Paralyzed

Paralyzed by perfection.  That is such an apt description, isn’t it?

I have spent the day with 2 dear dear friends.  We’ve had a fabulous time watching Downton Abbey episodes, eating, working on craft projects, laughing (mostly at ourselves) and discussing the not so fun parts of aging. (I will spare you the details).

They were teasing me about how happy I am to be blogging and all the goofy (my word) things about which I write. We chatted about perfectionism and then something was said that grabbed my attention. One of them made the comment that sometimes she is paralyzed by perfectionism.

Isn’t that exactly right?

The question begs to be asked. Make that a few questions!

  1. Why are we paralyzed by perfectionism?
  2. How are we paralyzed by perfectionism?
  3. Can we get rid of the paralysis?

I’m going to answer the third question first just to have a little fun.

Can we get rid of the paralysis?

I believe we can. By moving. By doing. Especially if we are moving in response to helping someone in need.  This may sound a bit simplistic.  Perhaps it is but then I am a simple kind of gal so it works for me. Providing a meal for someone who is ill is a way to get moving away from the idea that every meal I cook needs to be perfect.  Making and delivering a pot of soup can be the ideal situation in which I can get moving and not be paralyzed by perfectionism. The recipient will be grateful to have some healthy nourishment.

Now on to the second question.

How are we paralyzed by perfectionism?

We are paralyzed by perfectionism when we don’t attempt something new because we may fail. There are things I have never attempted because I didn’t think I would be able to do them OR it would require too much work to do them perfectly.  I’ve mentioned this before but what if I learn to play the piano mediocrely (for my ears only)?  Will it hurt anybody if I don’t tickle the ivories like Liberace?  Not likely-although MOMD might disagree if he is subjected to it on a regular basis.

What if our thinking is flawed? What if I’m a child middle-aged senior prodigy and didn’t know it? I might have missed out on the pleasure of playing because I didn’t THINK I could do it perfectly.

And finally…

Why are we paralyzed by perfectionism?

In my opinion we are paralyzed because of thinking we won’t be able to do it perfectly (as stated in the section above).

But also we allow ourselves to be paralyzed because of the ugly C word.  What ugly C word you may ask?  Any guesses?

Comparison.

That is the ugly C word to which I refer. Comparison is good as in comparison shopping for a lower price or better features.  I’m always about a good deal.  Always.

But I get myself into some BIG messes when I compare myself and my talents and gifts to those of another. It is easy to see that she does something perfectly while my attempt pales in comparison.

One more reason why we are paralyzed by perfectionism: we equate perfect with success.  People succeed at things all the time at which they are not perfect.  They try, they practice, they improve.  When they fail, they try again. And keep improving.

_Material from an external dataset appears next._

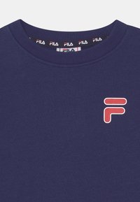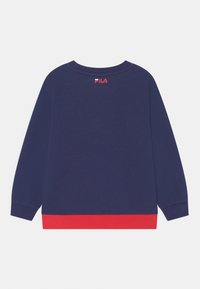 Sweat-shirt à manches longues bleu marine et rouge avec col rond, logo Fila sur le haut gauche de la poitrine, et poignets et ourlet côtelés.

And so here is my challenge. (You KNOW you were waiting for it). Get up and move. Make a mistake. Try something new. Thumb your nose (is that like swearing?) at perfectionism and throw caution to the wind.

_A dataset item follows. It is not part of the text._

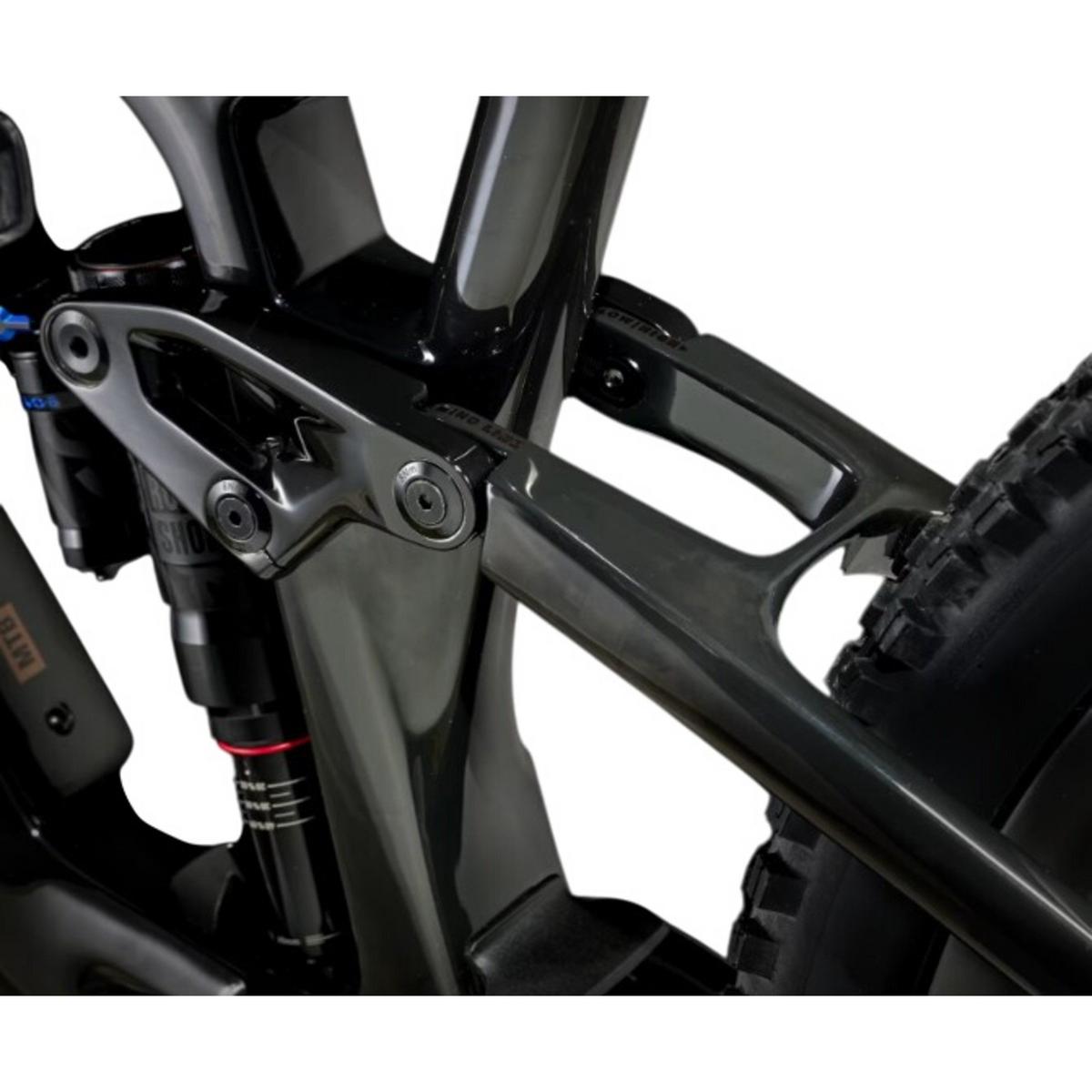 An OCLV Mountain Carbon frame equipped with an easily removable 360Wh battery and TQ harmonic pin ring transmission with a smart charging port, integrated LED display, and discreet handlebar remote. Plus, a 150mm RockShox Lyrik Select+ fork with DebonAir spring and Charger 2.1 RC damper, and 140mm RockShox Super Deluxe Select+ rear suspension. And don't forget the trusted performance of Shimano's clean shifting XT drivetrain.

I’m in the process of making a crafty little project this week. It’s not perfect BUT I am going to share a picture in a day or two just so you’ll know I’m taking my own advice.

Thank you for reading!

4 comments

  1. Bonnie Bradley says:

    I suffer from many many things but that’s not one of them I know I can’t do it perfectly so I never tried but I am going to do something new I except your challenge Miss Condy

  2. John P says:

    I got news for you, toots; you are not a senior yet. When your Boxster payments are being made from your Social Security, THEN you are a senior.

    The biggest and baddest critique does not come from the big “C” word, it comes from within, and it is undeniable. That is what slows down projects and often saps energy. It affects me and it affects the WOMD, who is also your very good friend. We sometimes know our skill and want to execute in perfection (and only then is there the luxury of worrying about the opinions of others) at other times we are not so sure about the skill level but still demand perfection. That is why it took over 300 hours to build an “heirloom” bassinet that should have taken 100 (heck I took two hours to select the Oak at Home Depot).
    I think that we can be our own worst enemy though filled with good intentions and expectations.
    Now I gotta stop grousing and go finish that Ballet Bar for the Wild Child. Don’t ask when I started it. I’d have no option other than a white lie.